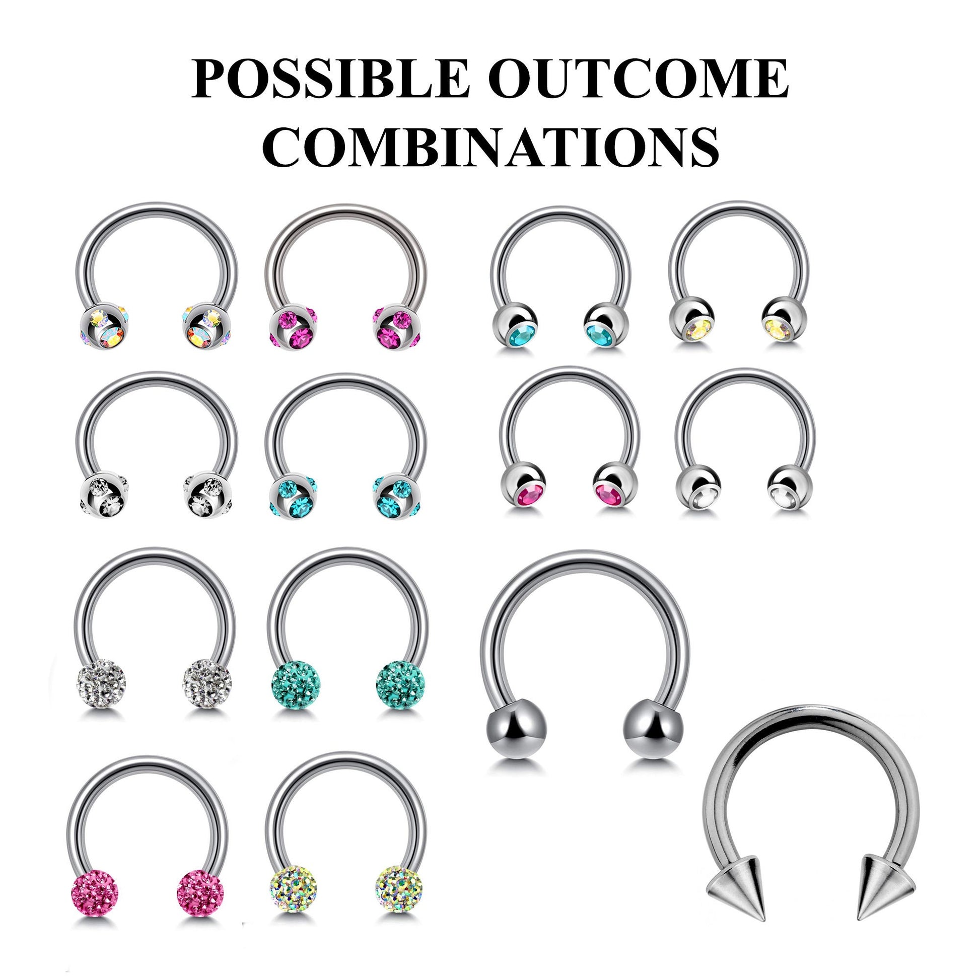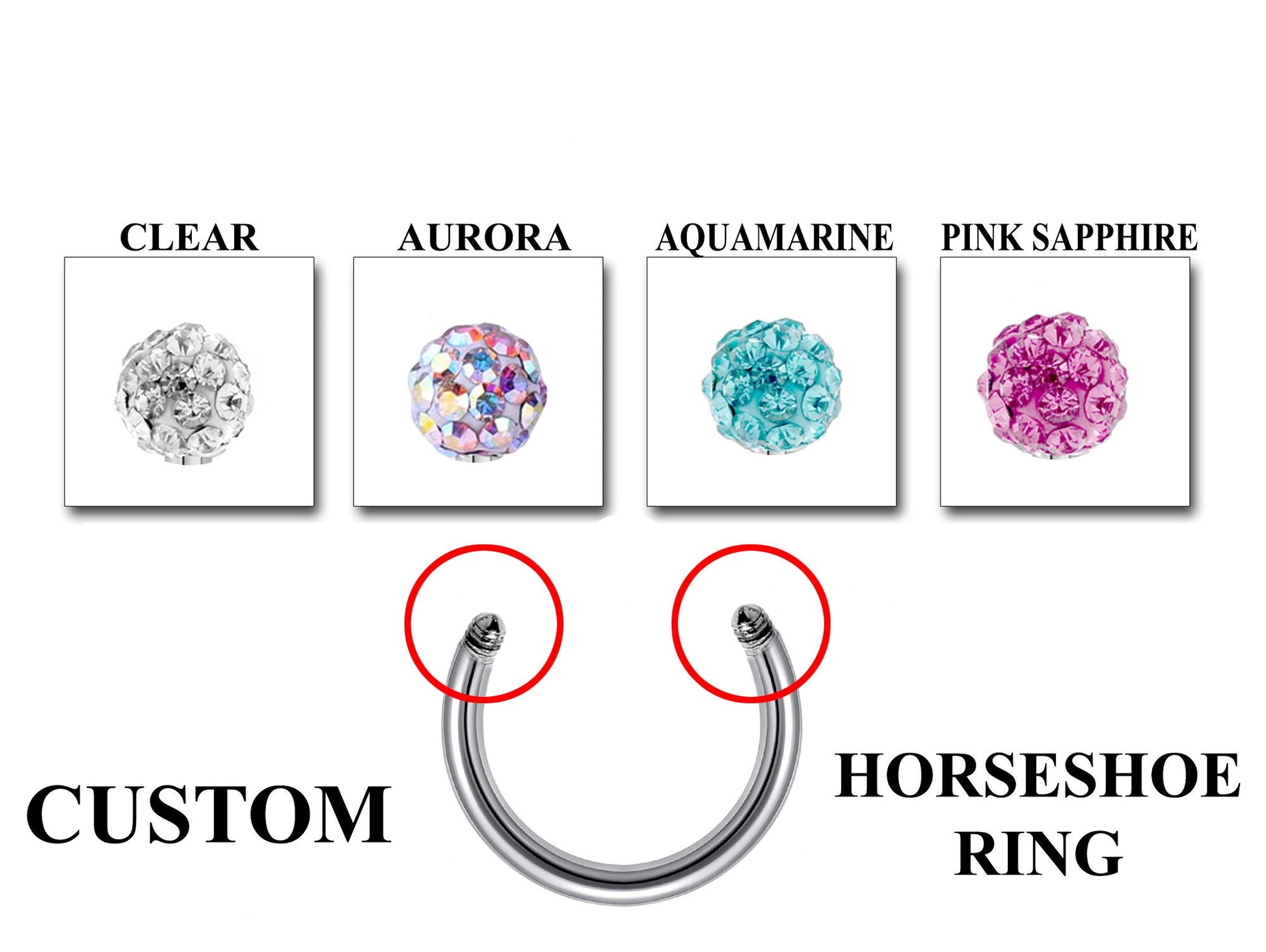 Titanium Nose Ring- Customize Horseshoe Barbell Piercing in 16g / 14g - Spike - Gem Ball - Multi Stone - Disco Ball - Plain Ball.
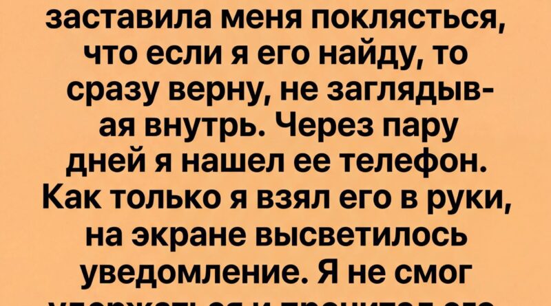 — Если ты найдёшь мой телефон… — сказала она, не глядя на меня. — Пообещай, что не будешь в него заглядывать. Просто вернёшь.
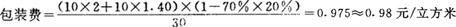 [计算例] 山铁路运输原木,每个车皮可装30m3,每个车皮需用车立柱(包装)10根,每根单价为2.00元,铁线10千克,每千克1.40元(参考价格),而原木的原价中未包括包装费。试计算每m3原木包装材料的原值、回收值和包装费。
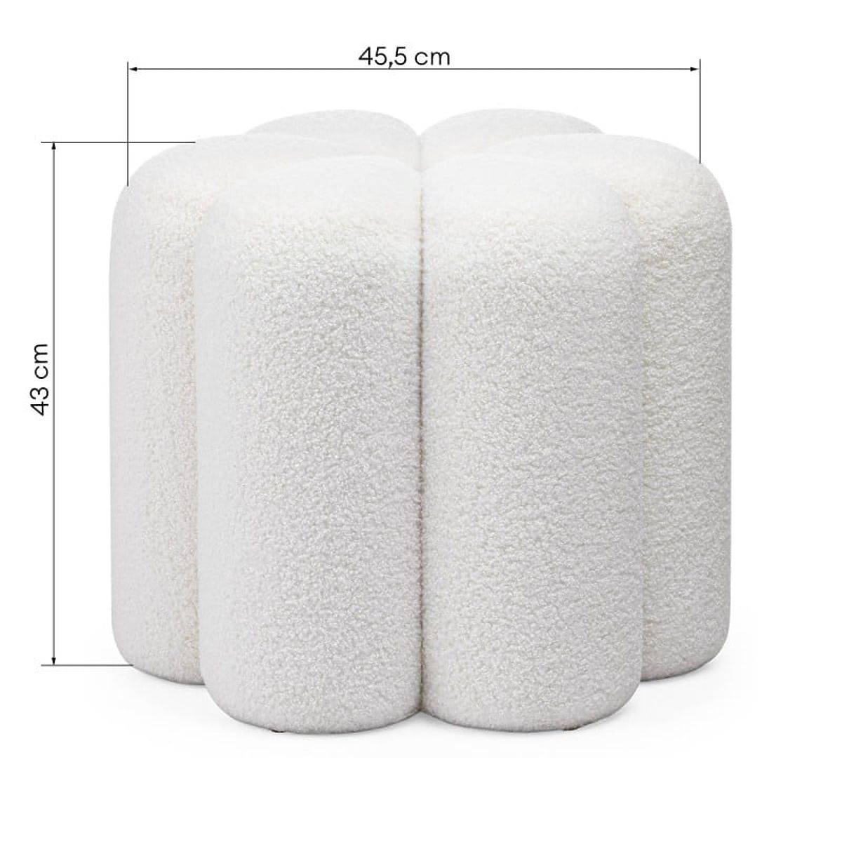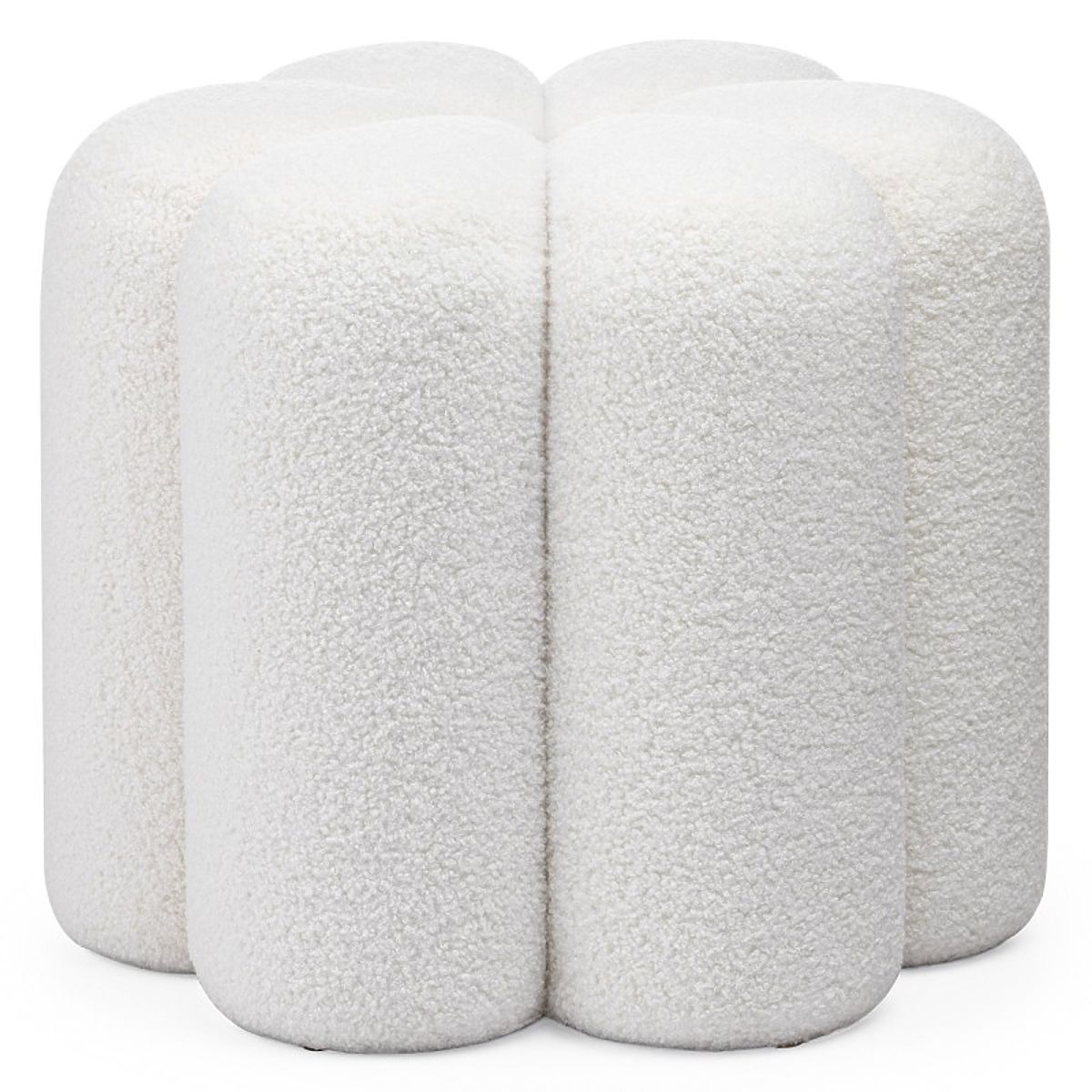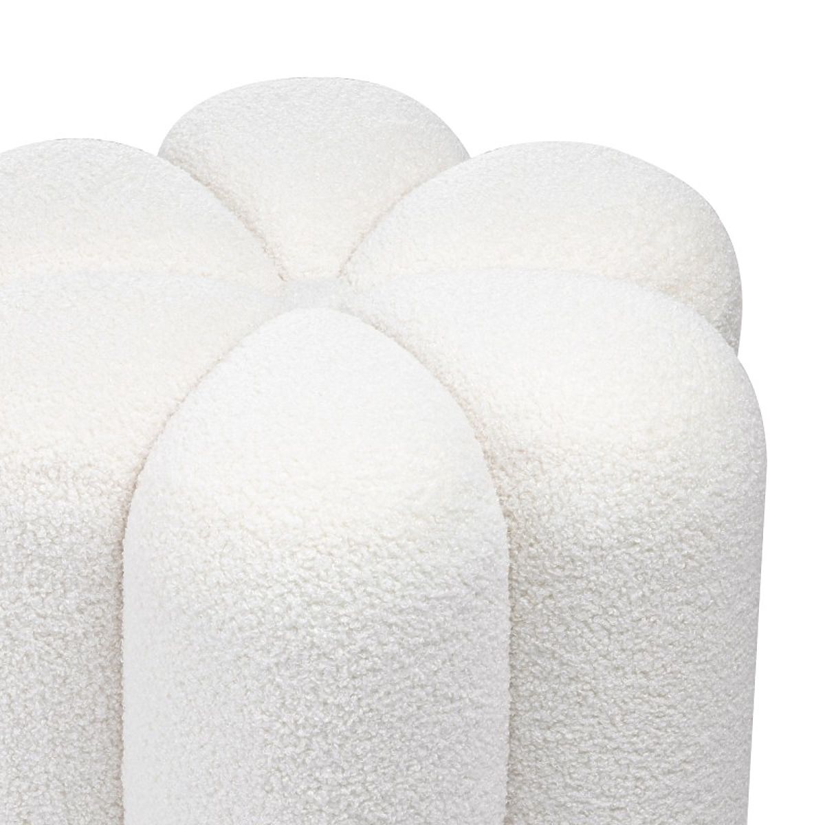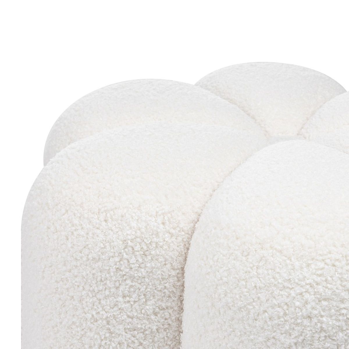 Weißer Bouclé-Pouf Quad mit abgerundeter Form. .. mehr
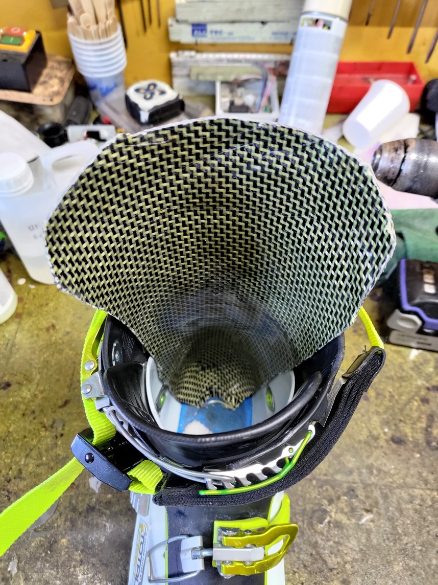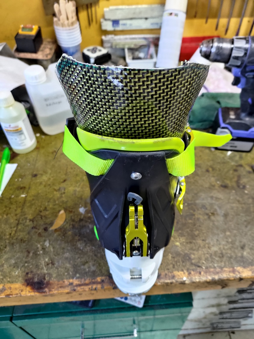 J’ai pu montrer cette fabrication à quelques bootfitter, ils ont dit que c’était bien joli. Et le choix de couleur est vraiment parfait vu le coloris de la Scott.
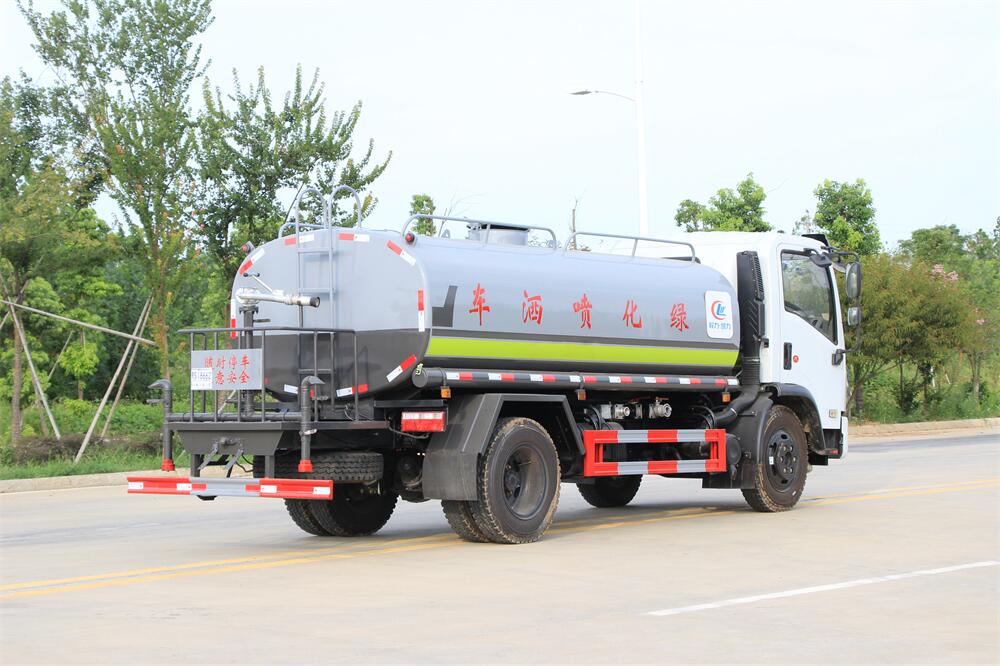 灑水車前裝有鴨形噴嘴或圓頭沖嘴,后面裝有圓柱開灑水噴嘴或蓮蓬頭噴嘴,后部有一工作平臺,裝配有水炮。后部還可裝8個噴嘴(選裝)。
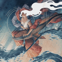 a human hand. The background suggests a nighttime scene with stars in the sky and waves suggesting

Task goal | Each line from the one that contains "заглядывать. Просто вернёшь." down to the one that contains "Weißer Bouclé-Pouf Quad" is to be returned exactly as it stands above, both ends included, with pictures removed.

Task response |
 — Если ты найдёшь мой телефон… — сказала она, не глядя на меня. — Пообещай, что не будешь в него заглядывать. Просто вернёшь.
 [计算例] 山铁路运输原木,每个车皮可装30m3,每个车皮需用车立柱(包装)10根,每根单价为2.00元,铁线10千克,每千克1.40元(参考价格),而原木的原价中未包括包装费。试计算每m3原木包装材料的原值、回收值和包装费。
 Weißer Bouclé-Pouf Quad mit abgerundeter Form. .. mehr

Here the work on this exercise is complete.